**TASK REQUIREMENTS**
Please copy, exactly as they appear below, the lines from the one containing "Dette veludstyrede sæt" through the one containing "첫째, 산비탈 경계와 무너진 수로의 돌담을 쌓는 것.".

[DATA FOR THIS EXERCISE Boundary: Start]

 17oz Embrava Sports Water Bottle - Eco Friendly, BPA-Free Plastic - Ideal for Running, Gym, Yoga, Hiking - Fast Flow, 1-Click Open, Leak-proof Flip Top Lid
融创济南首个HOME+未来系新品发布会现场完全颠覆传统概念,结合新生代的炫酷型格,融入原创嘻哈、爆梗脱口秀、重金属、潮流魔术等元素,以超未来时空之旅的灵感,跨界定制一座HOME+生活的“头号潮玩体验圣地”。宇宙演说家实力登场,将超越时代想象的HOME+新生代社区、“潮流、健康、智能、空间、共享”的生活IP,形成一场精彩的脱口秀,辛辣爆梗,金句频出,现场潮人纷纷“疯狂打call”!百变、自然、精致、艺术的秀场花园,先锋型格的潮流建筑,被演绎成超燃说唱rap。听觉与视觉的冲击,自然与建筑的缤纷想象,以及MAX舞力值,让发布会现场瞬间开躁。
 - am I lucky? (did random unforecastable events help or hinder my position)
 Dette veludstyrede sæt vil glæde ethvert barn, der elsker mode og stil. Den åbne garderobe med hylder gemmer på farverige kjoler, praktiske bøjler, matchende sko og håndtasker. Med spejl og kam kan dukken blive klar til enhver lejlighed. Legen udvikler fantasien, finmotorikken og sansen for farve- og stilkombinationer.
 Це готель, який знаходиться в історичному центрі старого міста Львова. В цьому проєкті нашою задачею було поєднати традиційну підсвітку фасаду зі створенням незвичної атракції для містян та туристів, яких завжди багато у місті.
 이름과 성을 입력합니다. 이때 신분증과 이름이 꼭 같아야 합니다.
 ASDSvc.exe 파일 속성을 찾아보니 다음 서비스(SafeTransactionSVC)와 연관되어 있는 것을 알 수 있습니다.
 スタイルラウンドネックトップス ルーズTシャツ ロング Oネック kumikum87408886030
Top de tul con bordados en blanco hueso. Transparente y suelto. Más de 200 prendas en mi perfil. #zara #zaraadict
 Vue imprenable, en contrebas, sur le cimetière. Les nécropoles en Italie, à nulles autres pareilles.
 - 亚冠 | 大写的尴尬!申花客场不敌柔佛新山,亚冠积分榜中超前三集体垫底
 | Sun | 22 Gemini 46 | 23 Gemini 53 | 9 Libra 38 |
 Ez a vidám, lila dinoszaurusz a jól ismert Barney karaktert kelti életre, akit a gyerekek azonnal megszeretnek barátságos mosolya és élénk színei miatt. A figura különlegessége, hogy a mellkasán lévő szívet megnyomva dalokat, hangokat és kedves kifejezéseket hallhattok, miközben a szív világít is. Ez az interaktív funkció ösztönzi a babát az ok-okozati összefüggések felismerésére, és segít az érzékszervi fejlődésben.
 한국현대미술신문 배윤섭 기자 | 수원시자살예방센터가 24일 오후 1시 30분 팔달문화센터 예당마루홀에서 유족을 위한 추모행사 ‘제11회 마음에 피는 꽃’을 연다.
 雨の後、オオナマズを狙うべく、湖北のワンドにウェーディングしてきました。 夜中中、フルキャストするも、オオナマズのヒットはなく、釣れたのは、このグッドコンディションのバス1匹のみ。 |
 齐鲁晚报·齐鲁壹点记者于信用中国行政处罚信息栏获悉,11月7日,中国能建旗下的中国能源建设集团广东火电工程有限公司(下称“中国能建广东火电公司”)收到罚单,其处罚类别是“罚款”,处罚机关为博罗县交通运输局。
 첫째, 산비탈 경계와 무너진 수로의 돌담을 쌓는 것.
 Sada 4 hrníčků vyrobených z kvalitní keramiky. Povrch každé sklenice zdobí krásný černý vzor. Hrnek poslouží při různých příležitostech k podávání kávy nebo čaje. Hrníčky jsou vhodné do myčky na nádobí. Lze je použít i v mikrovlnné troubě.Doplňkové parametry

[DATA FOR THIS EXERCISE Boundary: End]

**EXPECTED ANSWER**
 Dette veludstyrede sæt vil glæde ethvert barn, der elsker mode og stil. Den åbne garderobe med hylder gemmer på farverige kjoler, praktiske bøjler, matchende sko og håndtasker. Med spejl og kam kan dukken blive klar til enhver lejlighed. Legen udvikler fantasien, finmotorikken og sansen for farve- og stilkombinationer.
 Це готель, який знаходиться в історичному центрі старого міста Львова. В цьому проєкті нашою задачею було поєднати традиційну підсвітку фасаду зі створенням незвичної атракції для містян та туристів, яких завжди багато у місті.
 이름과 성을 입력합니다. 이때 신분증과 이름이 꼭 같아야 합니다.
 ASDSvc.exe 파일 속성을 찾아보니 다음 서비스(SafeTransactionSVC)와 연관되어 있는 것을 알 수 있습니다.
 スタイルラウンドネックトップス ルーズTシャツ ロング Oネック kumikum87408886030
Top de tul con bordados en blanco hueso. Transparente y suelto. Más de 200 prendas en mi perfil. #zara #zaraadict
 Vue imprenable, en contrebas, sur le cimetière. Les nécropoles en Italie, à nulles autres pareilles.
 - 亚冠 | 大写的尴尬!申花客场不敌柔佛新山,亚冠积分榜中超前三集体垫底
 | Sun | 22 Gemini 46 | 23 Gemini 53 | 9 Libra 38 |
 Ez a vidám, lila dinoszaurusz a jól ismert Barney karaktert kelti életre, akit a gyerekek azonnal megszeretnek barátságos mosolya és élénk színei miatt. A figura különlegessége, hogy a mellkasán lévő szívet megnyomva dalokat, hangokat és kedves kifejezéseket hallhattok, miközben a szív világít is. Ez az interaktív funkció ösztönzi a babát az ok-okozati összefüggések felismerésére, és segít az érzékszervi fejlődésben.
 한국현대미술신문 배윤섭 기자 | 수원시자살예방센터가 24일 오후 1시 30분 팔달문화센터 예당마루홀에서 유족을 위한 추모행사 ‘제11회 마음에 피는 꽃’을 연다.
 雨の後、オオナマズを狙うべく、湖北のワンドにウェーディングしてきました。 夜中中、フルキャストするも、オオナマズのヒットはなく、釣れたのは、このグッドコンディションのバス1匹のみ。 |
 齐鲁晚报·齐鲁壹点记者于信用中国行政处罚信息栏获悉,11月7日,中国能建旗下的中国能源建设集团广东火电工程有限公司(下称“中国能建广东火电公司”)收到罚单,其处罚类别是“罚款”,处罚机关为博罗县交通运输局。
 첫째, 산비탈 경계와 무너진 수로의 돌담을 쌓는 것.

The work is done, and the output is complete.